Interesting analogy - especially as MS has just licenced other people's search technology for the last 5.5 years - rather than develop any Search Engine stuff inhouse.
My point was that Google was 3 people in a Garage in Sept 1998 when Microsoft launched Inktomi powered MS Internet Search (and Microsoft turned over near $20 Billion that fiscal). So why isn't Microsoft already winning?
When (if?) the 'sizzle' dies down - and MS Search isn't powered by press releases - and its a 'real' product - then we can decide whether its any good. And that might be next year - or the year after - or never.
Meantime - I won't change my default Search Engine just yet.....
| 12:06 am on Mar 31, 2004 (gmt 0)|
good points. I think MS has set search as a main goal now. Not sure why it's so important to them now.
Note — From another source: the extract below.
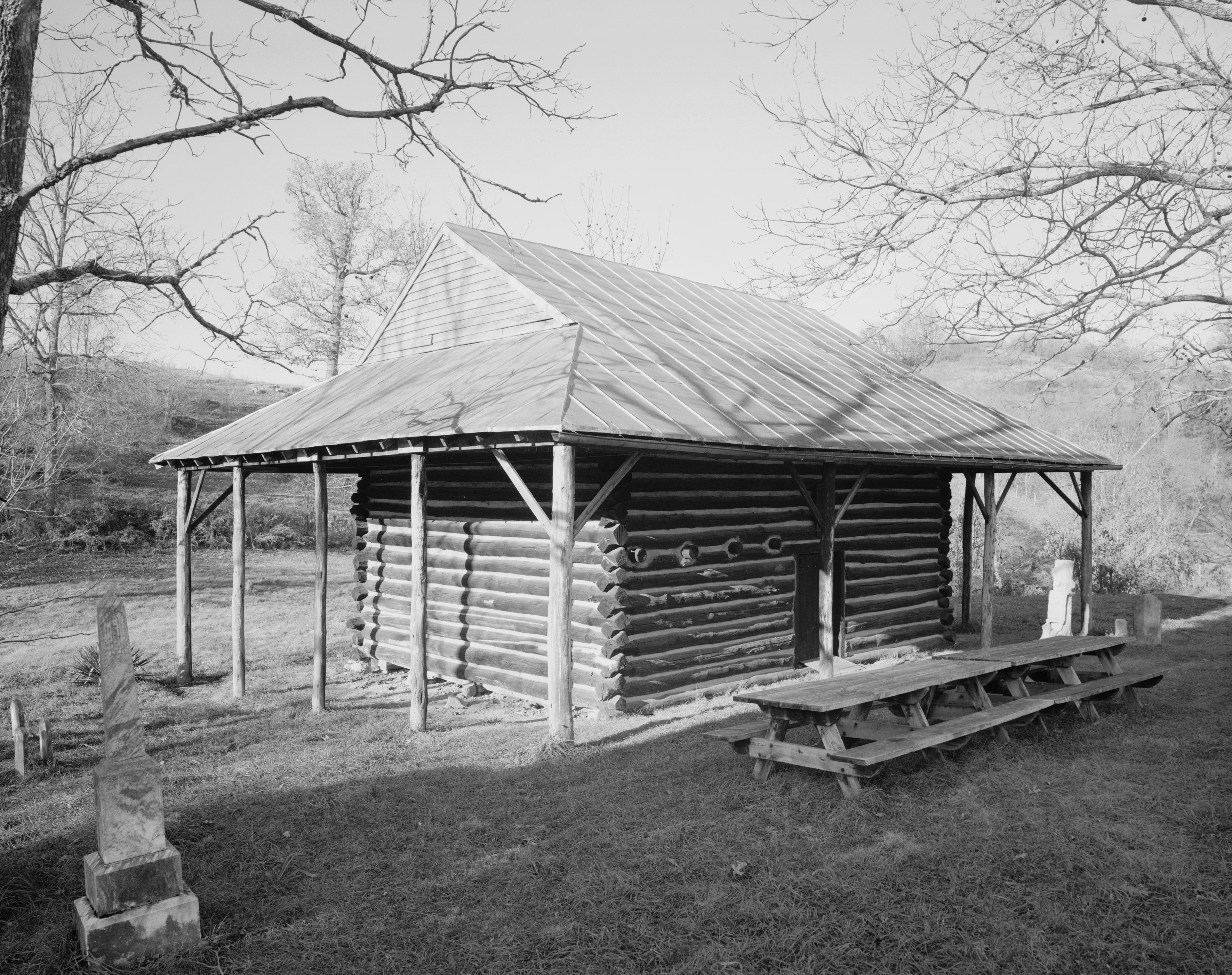 Exterior of Rehoboth Church, located east of Union in Monroe County, West Virginia, United States. Built in 1786 as the first Methodist church in what is today West Virginia, it was the center of Methodism in the region for many years. Today, the church is listed on the National Register of Historic Places.

Google doesnt threaten their market share. I think this is part of MS master plan to control media.
| 12:23 am on Mar 31, 2004 (gmt 0)|
I will repeat all those examples were in the very begining of the Internet when very few people knew what the Internet was. It is not proof of your point. MS has had search as the default home page for quite a while now. They can't even beat yahoo. MS has never had to go head to head with a number one company that was already offering a free service.
| 4:33 am on Mar 31, 2004 (gmt 0)|
Well, MS is in a tight spot...I mean...how can they build their own search server network if they have to rely on WinX servers? What if it gets out that they are using a huge linux cluster?...What I'm getting at is...the only way they can compete is to cache...and they must have spent the last 5 years figuring out how to beowulf their NT servers...load balancing...yeah right. No wonder they just bought a license agreement from SCO....
| 5:34 am on Mar 31, 2004 (gmt 0)|
>MS has never had to go head to head with a number one company that was already offering a free service.